> _Problem requirements_
This exercise calls for the records to be repeated in full, exactly as written.

> _Records provided_
__________

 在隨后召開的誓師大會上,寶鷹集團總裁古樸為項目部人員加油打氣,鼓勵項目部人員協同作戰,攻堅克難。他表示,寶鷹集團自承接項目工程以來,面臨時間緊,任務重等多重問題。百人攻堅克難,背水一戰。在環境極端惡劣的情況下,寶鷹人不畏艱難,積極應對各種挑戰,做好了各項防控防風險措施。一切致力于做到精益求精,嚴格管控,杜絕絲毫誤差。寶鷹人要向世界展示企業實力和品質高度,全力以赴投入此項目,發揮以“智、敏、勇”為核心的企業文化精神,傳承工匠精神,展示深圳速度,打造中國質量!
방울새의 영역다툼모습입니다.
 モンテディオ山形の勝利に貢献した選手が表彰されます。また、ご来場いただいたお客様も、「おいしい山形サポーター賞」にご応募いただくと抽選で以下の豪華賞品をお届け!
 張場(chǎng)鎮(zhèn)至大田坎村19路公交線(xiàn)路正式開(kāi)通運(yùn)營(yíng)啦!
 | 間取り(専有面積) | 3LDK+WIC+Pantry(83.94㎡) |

__________

> _Solution to this exercise_
 在隨后召開的誓師大會上,寶鷹集團總裁古樸為項目部人員加油打氣,鼓勵項目部人員協同作戰,攻堅克難。他表示,寶鷹集團自承接項目工程以來,面臨時間緊,任務重等多重問題。百人攻堅克難,背水一戰。在環境極端惡劣的情況下,寶鷹人不畏艱難,積極應對各種挑戰,做好了各項防控防風險措施。一切致力于做到精益求精,嚴格管控,杜絕絲毫誤差。寶鷹人要向世界展示企業實力和品質高度,全力以赴投入此項目,發揮以“智、敏、勇”為核心的企業文化精神,傳承工匠精神,展示深圳速度,打造中國質量!
방울새의 영역다툼모습입니다.
 モンテディオ山形の勝利に貢献した選手が表彰されます。また、ご来場いただいたお客様も、「おいしい山形サポーター賞」にご応募いただくと抽選で以下の豪華賞品をお届け!
 張場(chǎng)鎮(zhèn)至大田坎村19路公交線(xiàn)路正式開(kāi)通運(yùn)營(yíng)啦!
 | 間取り(専有面積) | 3LDK+WIC+Pantry(83.94㎡) |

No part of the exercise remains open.